THE BOOM OF OENOTOURISM IN PROVENCE
If you are told about Provence, you will certainly conjure cicadas/locusts, lavender fields as far as the eye can see, olive trees or even calissons (traditional French candy). But what makes up to the reputation of this region are its vineyards, which spread over more than 200Km that makes Provence the world capital of Rosé, with 88% of its wine production.
Why wine tourism is booming?
Wine tourism is more than just a discovery as it is an experience in itself. What better than going back to the origins of wine, discovering ancestral secrets and go experience its terroir to understand it? This is what Provençal wine tourism offers you, all in one of the most beautiful landscapes of France which we openly recognize its winemakers with a warm welcome.
Today wine tourism attracts more than 7.5 million visitors a year in France and it does not stop there. This is a real opportunity for our terroirs that the winemakers have understood and enjoyed.
Provence: A Wine Terroir
Provence has a millenary wine-making tradition that has been built around sumptuous landscapes both inland and on the Mediterranean coast. The wine route of Provence will take you through mountains, seas, villages and hills. With more than 440 estates, wineries and cooperatives, the vineyard of Provence guarantees you a unique experience of great quality that you will not dispute under any circumstances
What is the driving force behind Provencal wine tourism?
Provence has thousands of domains and castles as well as dozens of AOC’s. For Provence, the driving force of the merging wine tourism is first and foremost the landscapes offered by the Provencal vineyards to the public and its terroir.
Provence is certainly the No.1 producer of rosé in France but it should not be forgotten that the region of the cicadas is able to produce very good white and red wines with the aspect before all quantitative.
Provençal winemakers also face another major challenge: that of highlighting its exceptional places whose heritage is too proudly claimed which are the hillsides, the mountain of Cézanne, Sainte Victoire or Cassis. Wine estates can be discovered by foot, by bike, horseback or even by boat for the coastal sites.
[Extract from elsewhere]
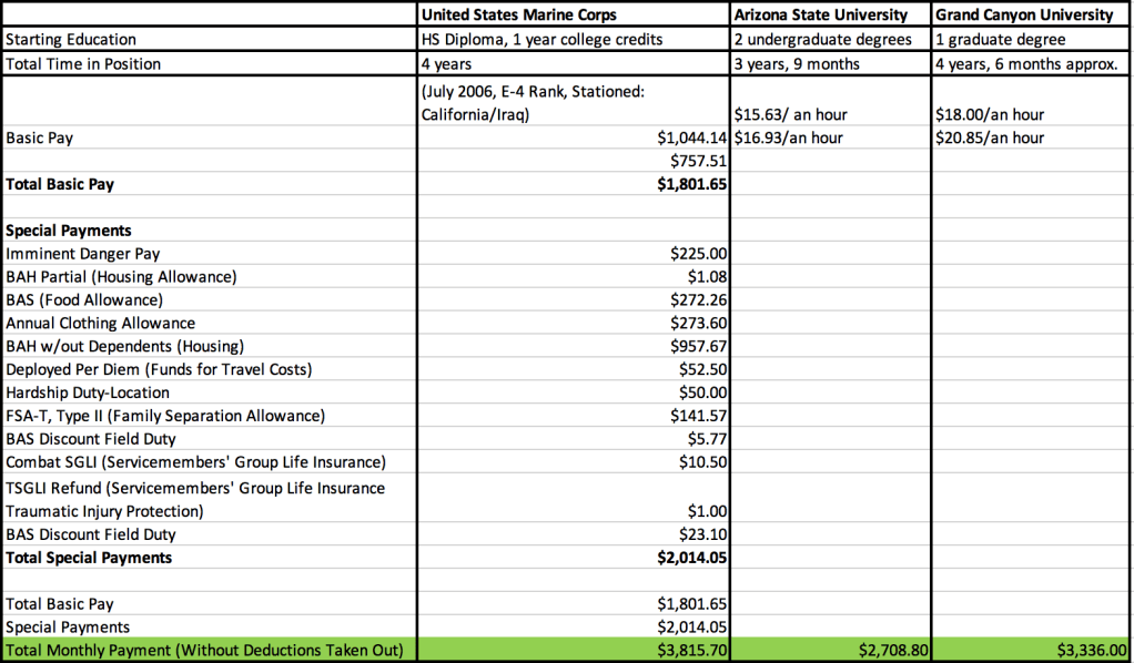 To better highlight my career challenges, I felt it was best to show it from a financial standpoint. I wanted to share one of my highest earning months in the Marine Corps against the rate I received for my ending hourly salaries at ASU and GCU. Can you see now why it felt for a while my graduate degrees (and hell, the undergrad ones, too) felt like a waste of time?!

Provence tourism contributes greatly to the development of wine tourism activities of its winemakers in order to accompany them one by one in the development of their activity and their projects. In the south, the wine regions are experiencing a growing industrialization. But, this is not the case of Provence, which is just beginning to promote its wine terroir, capable of attracting crowds from across the world.
Although Provence is on a good start, it still has a long way to go. Indeed, the latter has not yet developed tourist services because the majority of them are made without making appointments, to bring a lack of availability from the vineyards which are a minor inconvenience that Provençal estates are able to solve for the greatest happiness of wine lovers.